Od początku tego roku na rynku obligacji zdecydowanie dominują banki. Wartość emisji ich papierów w styczniu i lutym przekroczyła już 1 mld zł, a do końca roku może zbliżyć się do 10 mld zł. W ubiegłym roku było to (po wyłączeniu obligacji drogowych BGK) 8,5 mld zł.

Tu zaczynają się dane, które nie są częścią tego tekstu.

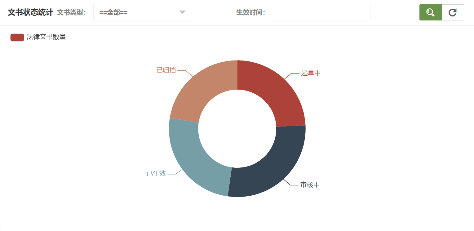 在法律文书统计中可以看到文书类型统计、文书状态统计、生效时间年统计、生效时间月统计、生效时间日统计,文书状态统计如图所示:
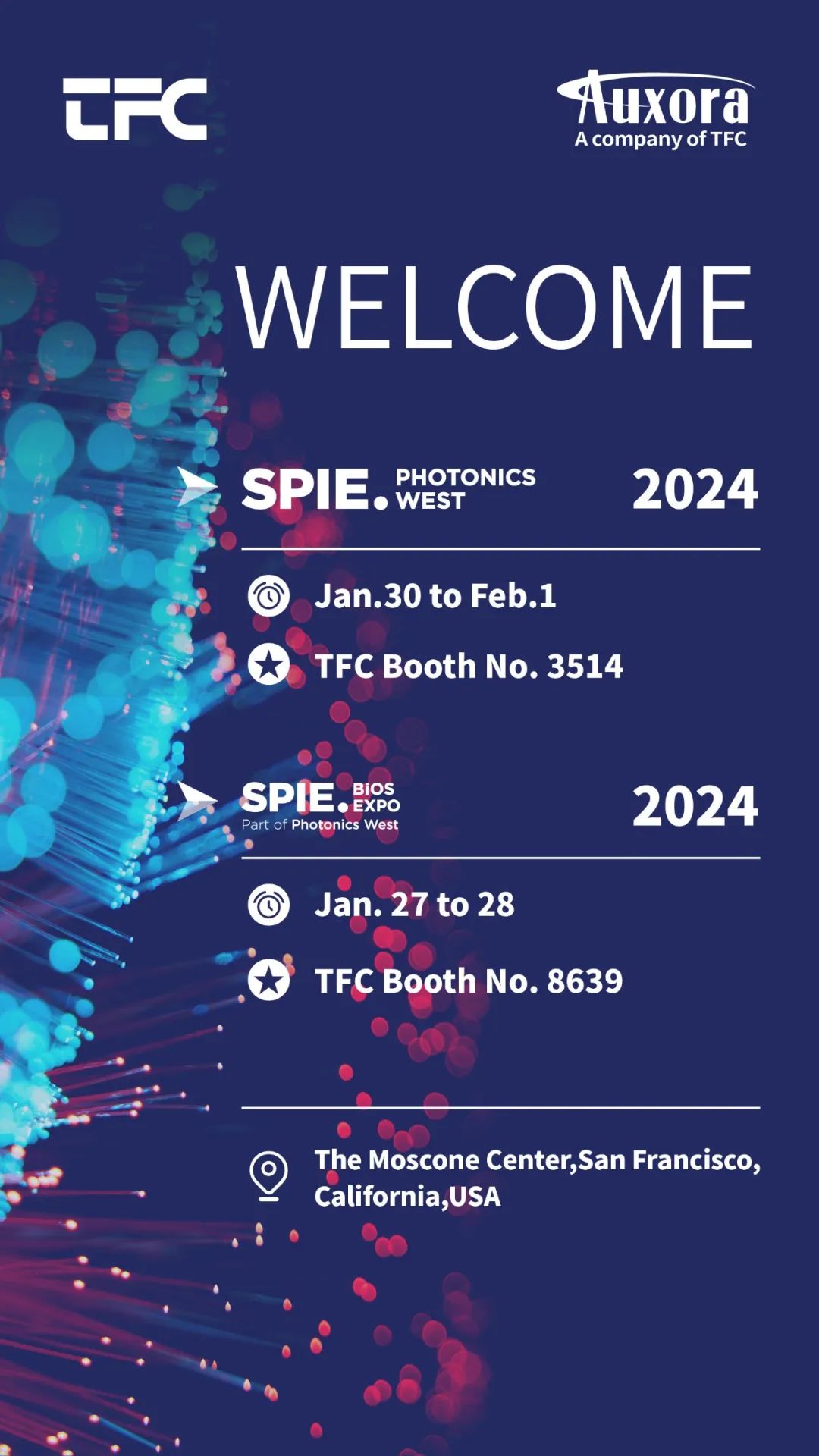 2024年1月27日- 2月1日,2024年西部光电展览会(SPIE Photonics West 2024 )将在美国加利福尼亚州旧金山莫斯康展览中心盛大举办。业界领先的光器件整体解决?案提供商和先进光学封装制造服务商天孚通信(TFC)将联合子公司北极光电(Auxora)携最新产品和方案精彩亮相本届展会。
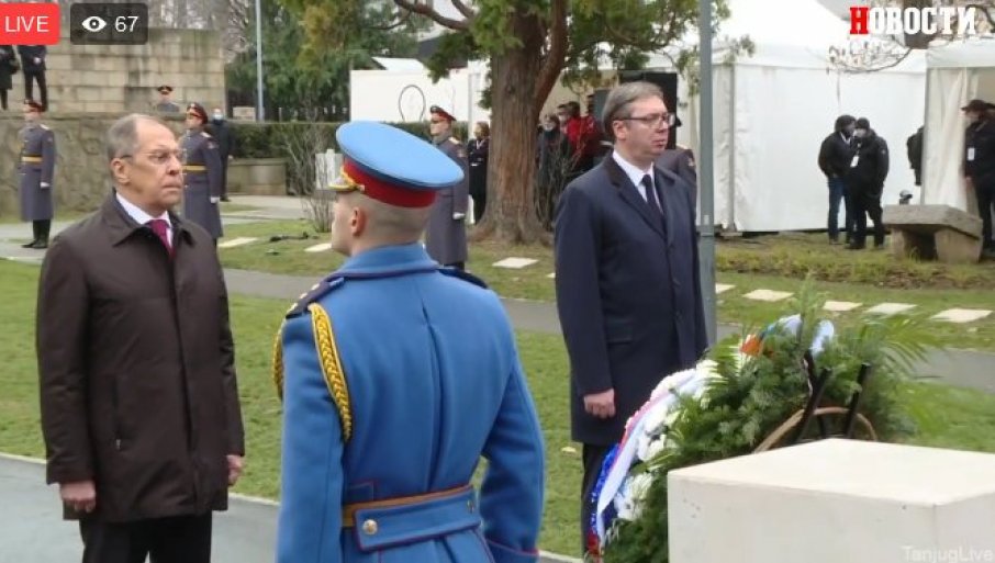 Претходно су Вучић и Лавров, на улазу у Гробље ослободилаца обишли изложбу Руског министарства одбране поводом победе над фашизмом у Другом светском рату.
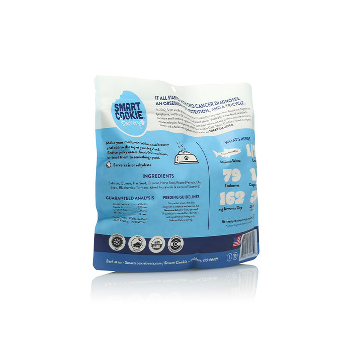 Nuestras bolsas stand-up para comida para perros con impresión personalizada están fabricadas con una barrera resistente de 130 micras que protege la frescura, el aroma y el valor nutricional. Fabricadas con materiales totalmente reciclables, estas bolsas ecológicas para comida para perros promueven una imagen de marca sostenible y cumplen con los estándares globales de reciclaje. Con un fuelle inferior estable, una cremallera resellable y una impresión en huecograbado de alta definición, ofrecen excelente estabilidad en el almacenamiento, comodidad y un gran impacto visual para las golosinas y snacks de tu mascota.
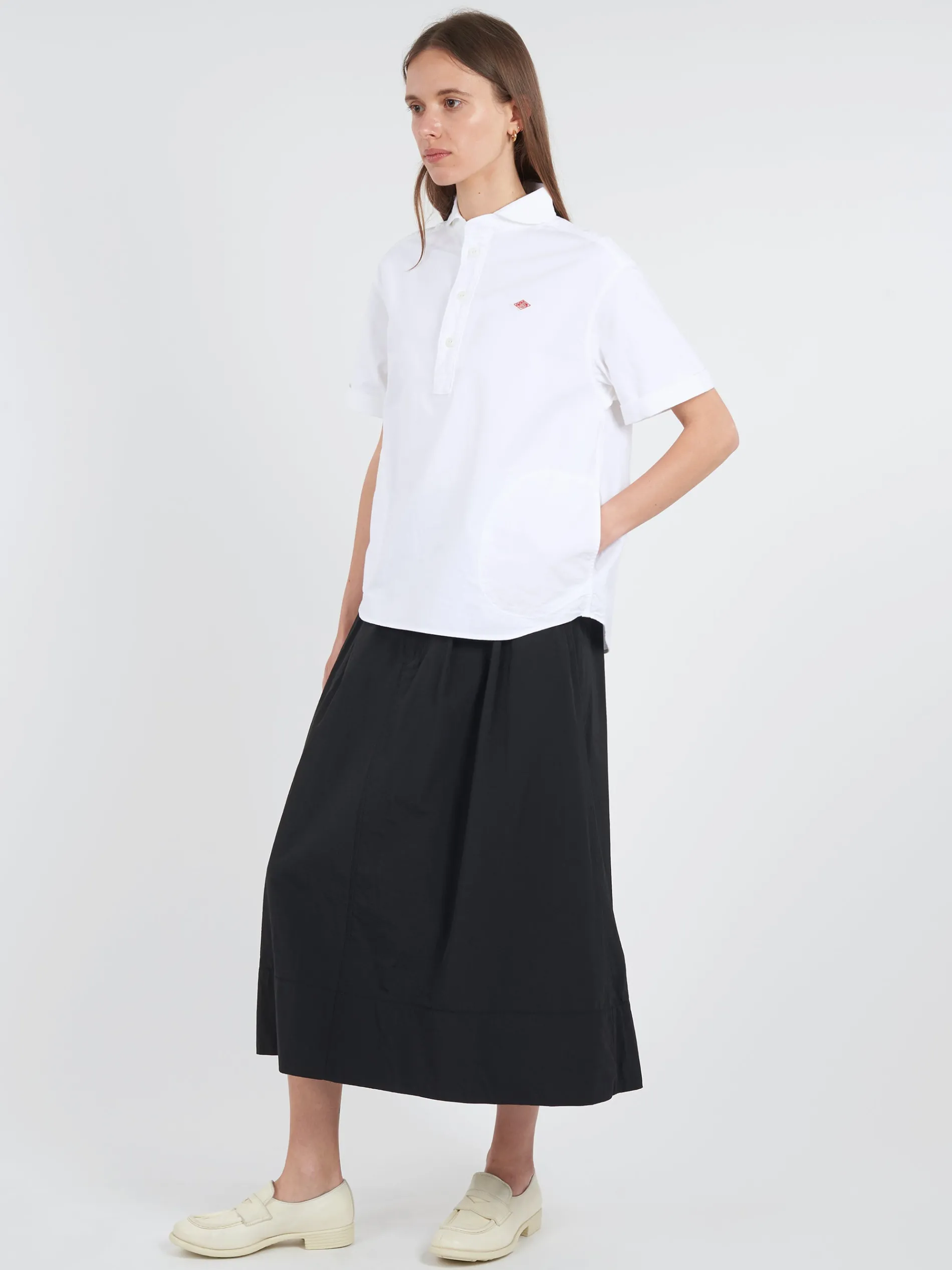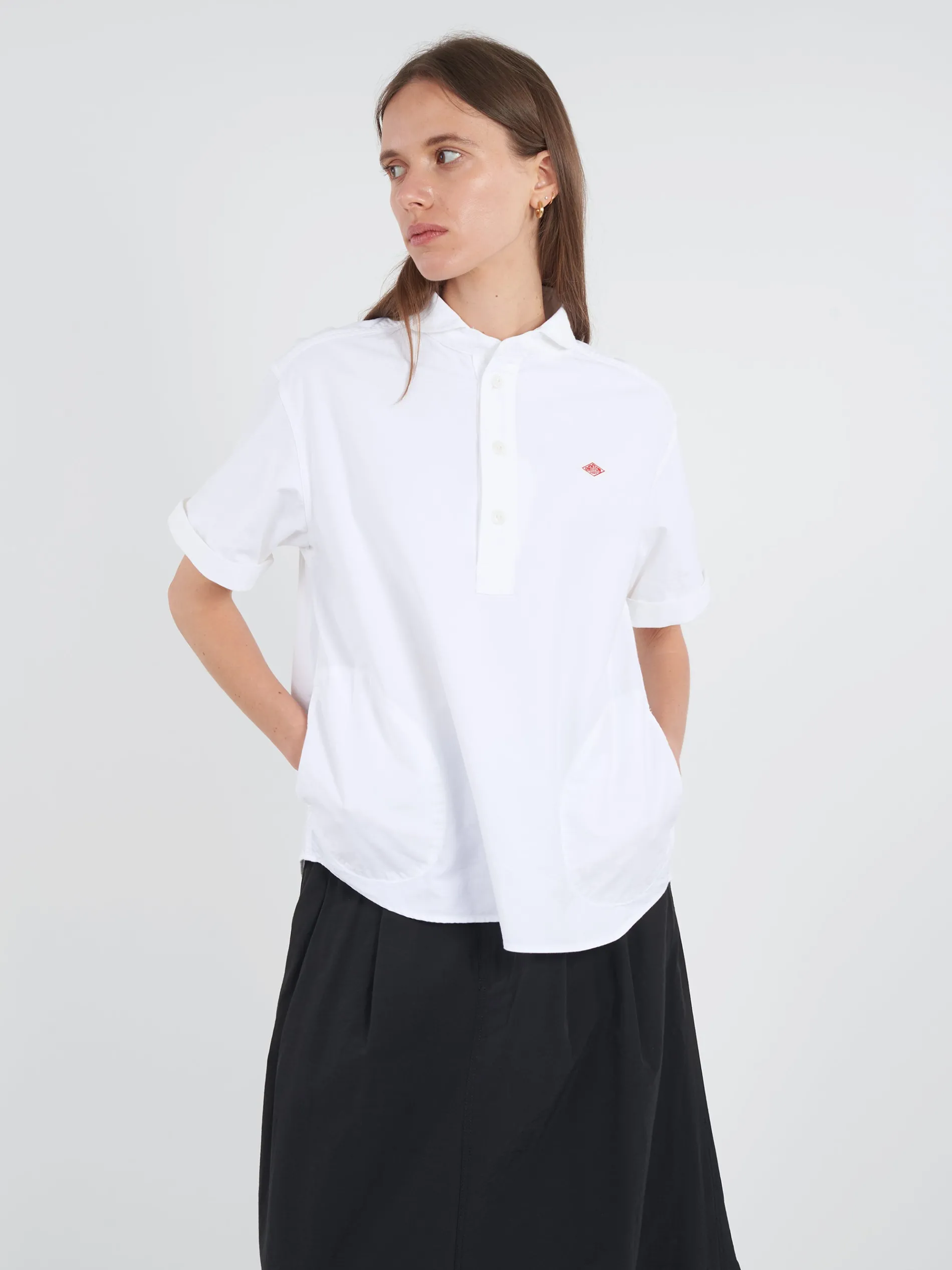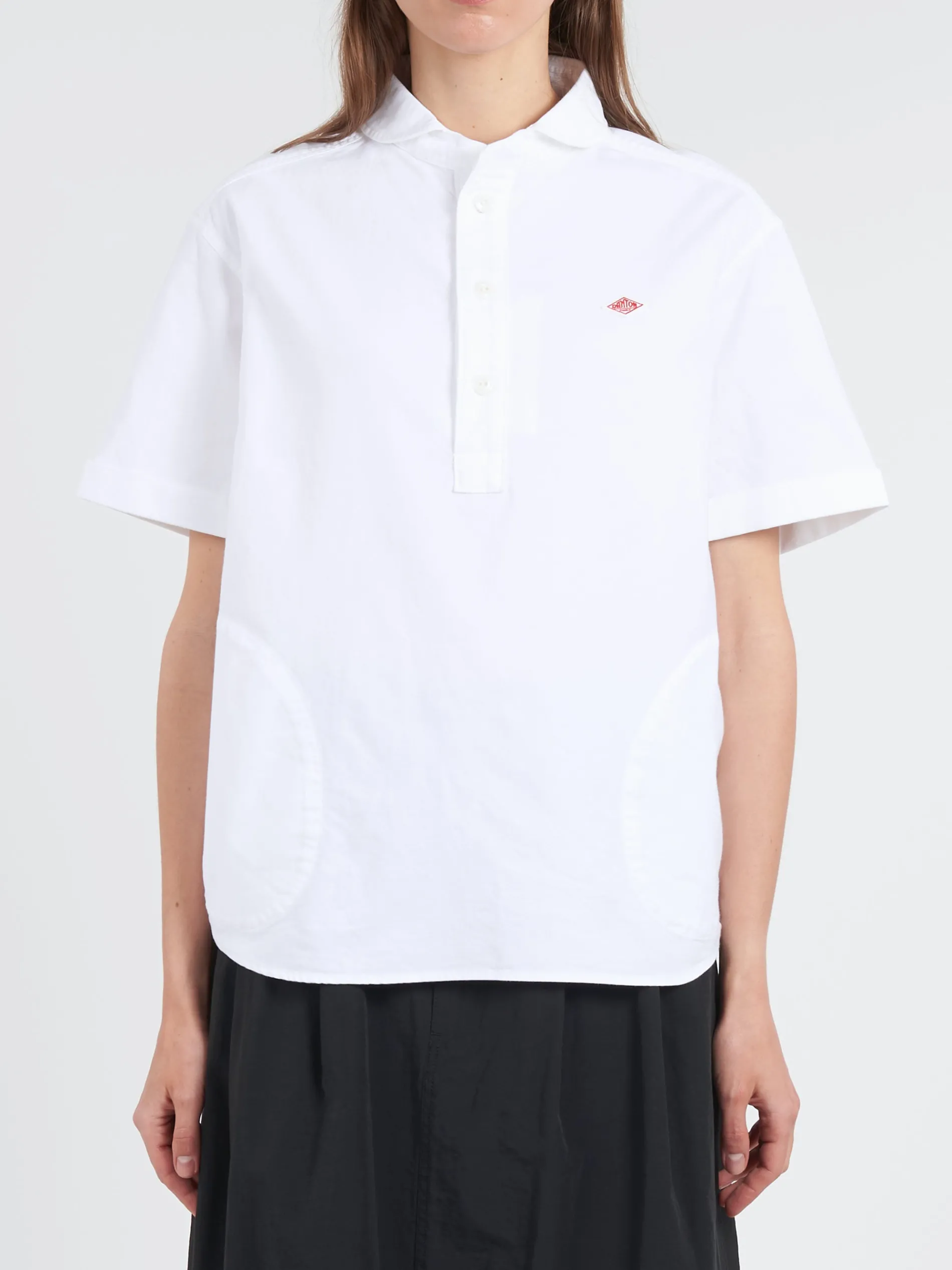 Danton class round collar popover shirt constructed from cotton oxford. Accented with the brand’s logo emblem on the left chest.

Łączne zadłużenie banków z tytułu emisji papierów dłużnych (łącznie z wcześniejszymi, niewykupionymi seriami) może przekroczyć 50 mld zł. W porównaniu z wielkością branży bankowej to jednak i tak niewiele.
Nowe regulacje
Banki emitują nowe obligacje, ale jednocześnie wykupują lub zapowiadają wykup starszych serii. Wykorzystują bowiem sytuację, by obniżyć koszt finansowania po spadku rynkowego oprocentowania. Za pieniądze pozyskane z nowych, niżej oprocentowanych emisji, wykupują stary, droższy w obsłudze dług. Przykładem jest choćby BOŚ.
Poza tym nowe regulacje dla sektora (Bazylea III) powodują, że banki coraz chętniej szukają finansowania długoterminowego. Komisja Nadzoru Finansowego oczekuje, że co najmniej 20 proc. portfela kredytów hipotecznych banków będzie finansowana papierami o długim terminie zapadalności. Może to w najbliższych latach przynieść emisję na kilkanaście miliardów złotych, a w dłuższym czasie na dziesiątki miliardów złotych.
Same banki niezbyt chętnie mówią o planowanych emisjach. Otwarcie o możliwie sporej emisji mówi BGK. Już zresztą w lutym wypuścił papiery na kwotę 500 mln zł. – Plany dalszych emisji w roku bieżącym uzależnione będą od kształtowania się warunków rynkowych oraz zapotrzebowania BGK na długoterminowe środki finansowe, w tym wynikającego z udziału banku w programie Polskie Inwestycje Rozwojowe – mówi Mariusz Grab, dyrektor Zarządzający Pionem Rynków Finansowych BGK.